Photographs of the prisoners and their crimes were listed on the wall, while the detained former officials came out to give speeches to the visitors, wearing handcuffs and prison clothes. “I have a family but can’t go home,” one of the speakers, surnamed Yang, said through a flood of tears. “I can’t honor my parents, and can’t get together with my husband and son. I’m so full of regret.”

A screenshot from Chinese news portal 10yan.com shows officials and spouses in Hubei Province visiting a local detention center to receive anti-corruption education on May 13, 2015. (Screenshot/Epoch Times)
A screenshot from Chinese news portal 10yan.com shows officials and spouses in Hubei Province visiting a local detention center to receive anti-corruption education on May 13, 2015. Screenshot/Epoch Times

The scene appeared to have an impact. “I must take it as a warning, reminding myself at all times to not make any mistake over being a clean official,” one of the visitors told Chinese media. The wife of a bureau director also vowed to “supervise” her husband and to “fully support his career,” the report stated.
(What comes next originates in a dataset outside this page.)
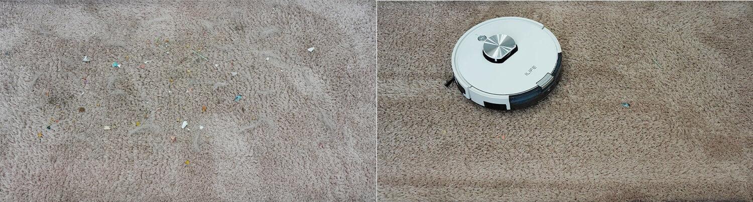 Šerelių formos šepetys yra aiškus nugalėtojas valant kilimus. Jis geriau surenka šiukšles nuo kilimų ir apmušalų. Silikoninis šepetys nėra toks efektyvus valant kilimus, todėl turėkite tai omenyje. Apskritai „iLIFE L100“ kilimų valymo našumas yra vidutinis.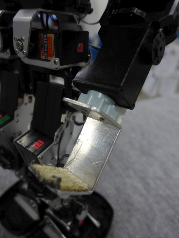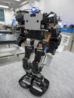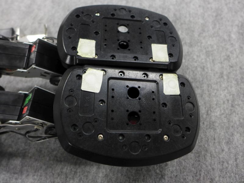 近藤科学のKHR-3HVに拡張用サーボ5個セットを追加しています。腕4軸、脚6軸、腰ヨー軸の21軸。首のヨー軸は使っていません。頭を付け替えていますが、レスキューには意味がありません。腕の先にコの字型のアルミ製の手を付けています。足裏の内側にビニルテープを貼って摩擦を調整しています。

Part of the problem is that in many official corruption cases, the wives played an important role. For instance, Gu Liping, wife Ling Jihua, the former chief of the Party’s United Front, was said to have exploited her husband’s political influence to gain massive wealth—to the tune of hundreds of millions of dollars—through an ostensibly charitable organization.

In another case, Yu Lifang, wife of disgraced Chinese official Su Rong, former vice president of the Chinese People’s Political Consultative Conference, sacked in June 2014, was Su’s bagman for accepting bribes, including, a painting worth millions of dollars.

The attempt to educate the wives was thus seen as fairly superficial by Internet users in China. “If those Hubei leaders could publicize their property, it would be more direct and convincing. I believe that many people would support that. I‘d rather watch ’Transformers’ than watching news of you visiting a prison,” wrote one user, who chose to remain anonymous.

Another suggested that a guided tour of an execution ground might be more effective.